There are some limitations related to the interpretation and application of the findings from this study. The first limitation is the instrument’s limited focus on patient-centered medical communication skills. The ACGME’s (1999) definition of communication skills emphasizes the importance of the ability to communicate not only with patients but also with other members of a healthcare team. The RUCIS Scale does not address the skills needed to communicate effectively with other members of a healthcare team. The psychometric properties of the RUCIS Scale demonstrated in this study might only apply to its use in an OSCE setting where SPs are trained properly on how to use the rating instrument. Another limitation of this study is the homogeneity of the resident samples we examined. Since our participants were internal medicine residents from a single training program, they were relatively homogeneous in their medical communication experience. Communication behaviors that were not observed in these residents might be evident when other groups of physicians are assessed. A multi-center trial of the rating instrument that involves medical schools from various geographical regions could study how the RUCIS Scale functions with a more heterogeneous group of physicians.
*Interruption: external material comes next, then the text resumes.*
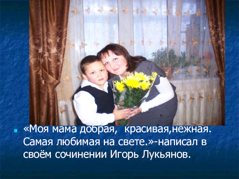 Слайд 4«Моя мама добрая, красивая,нежная.Самая любимая на свете.»-написал в своём сочинении Игорь
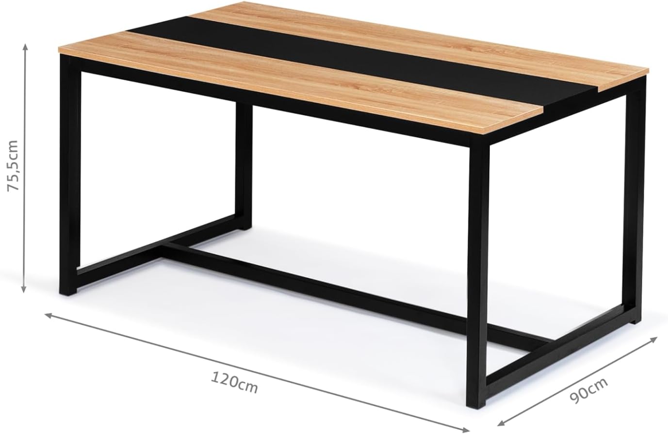 Vous cherchez une table à manger pratique et design pour vos repas du quotidien ? La table DOVER 6 personnes avec bande centrale noire est faite pour vous ! Grâce à son plateau long de 120 cm vous profiterez de bons moments conviviaux sans pour autant encombrer votre espace. Accueillez confortablement jusqu’à 6 personnes pour vos diners en famille ou entre amis !Stable et robuste, avec sa structure composée de tubes en métal de 4 x 4 cm, votre table DOVER vous garantira stabilité pour vos repas.Sa structure bi-matière bois et métal noir confère à votre décoration une touche authentique propre au style industriel. Le design bicolore bois naturel et noir imprégnera votre séjour d’une une ambiance chaleureuse et conviviale. Vous apprécierez le détail de la bande centrale noire mat qui apportera une touche chic à votre intérieur !Cette table est idéale si vous recherchez une table à la fois design et fonctionnelle. Profitez dès maintenant de cette table à manger DOVER pour 6 personnes à un prix irrésistible !Dimensions de la table à manger DOVER 120 cmDimensions globales : Longueur 120 cm x largeur 90 cm x Hauteur 75,5 cmDimensions des pieds en métal : 4 x 4 cmÉpaisseur du plateau en particules de bois : 1,8 cmCapacité : 6 personnesÀ monter soi-mêmeVous pouvez aussi associer cette table avec notre lot de 6 chaises SARA noires.Retrouvez également l’ensemble de nos modèles de tables et de notre collection industrielle sur notre boutique en ligne !

We hope that the findings from our study will benefit the medical education community in several ways. First, the product of this validation effort—the RUCIS Scale, along with validity evidence that supports its uses in the communication skills OSCE, should serve the needs of many residency programs, especially given the increasing interest in communication skills assessment that the ACGME Outcome Project has generated. Second, our study provides a concrete example of how to use a many-faceted Rasch measurement approach to improve the quality of SP rating instruments and to provide validity evidence based on response processes as outlined in the 1999 Standards for Educational and Psychological Testing (American Educational Research Association et al. 1999). Finally, this study generated many interesting ideas for future research.